As the title says I have to show that these two extensions of the rational numbers are isomorphic: $$\mathbb{Q}(2^\frac1n; 3^\frac1m)=\mathbb{Q}(2^\frac1n3^\frac1m)$$ supposing that $\gcd(n,m)=1$
I really don't know how to even begin in the first place (as we never done a single exercise in class), the only thing I've managed to prove is that the two extension have the same dimension over $\mathbb{Q}$ and I feel very far from the actual solution so I'd prefer at least a sketch of the proof and not only a hint.
The inclusion $\mathbb{Q}(2^{1/n}3^{1/m})\subseteq\mathbb{Q}(2^{1/n},3^{1/m})$ should be clear. For the reverse inclusion, it suffices to establish $2^{1/n}$ and $3^{1/m}$ are elements of $\mathbb{Q}(2^{1/n}3^{1/m})$.

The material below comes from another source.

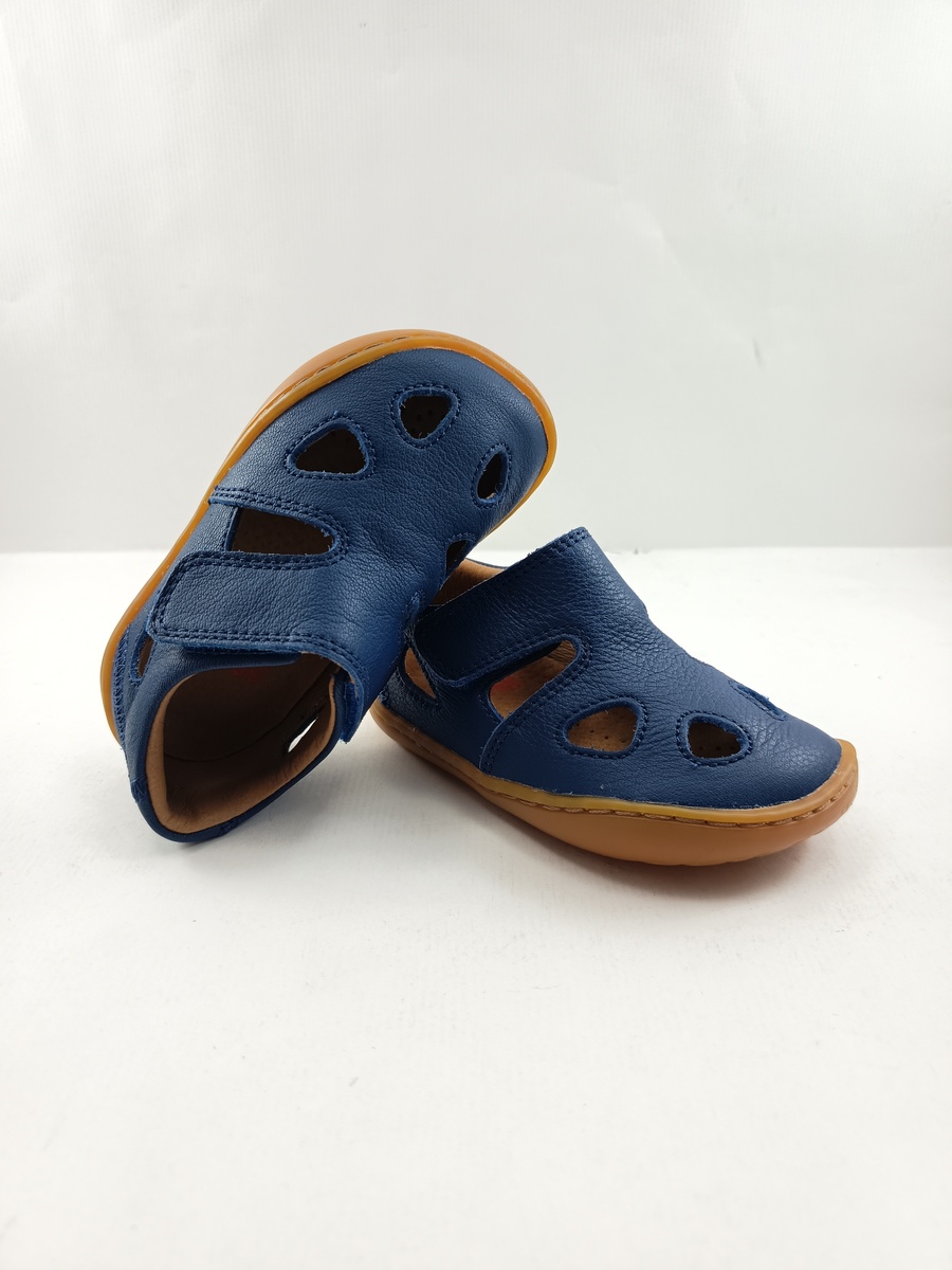 Sandalia de cortes en piel azul con cierre de velcro, suela de goma, forro y plantilla de piel, detalle de pespunte visto en vira.

Hint #1: What happens when you take certain powers of $2^{1/n}3^{1/m}$?
Hint #2: Bezout's identity says if $\gcd(n,m)=1$ then there exist $a,b$ such that $an+bm=1$.
(You should be able to take $2^{1/n}3^{1/m}$ to a power until it is just one of $2$ or $3$ to a rational power, up to a rational multiple. And then you should be able to take said rational powers of $2$ or $3$ to another power so that it is $2^{1/n}$ or $3^{1/m}$ up to a rational multiple.)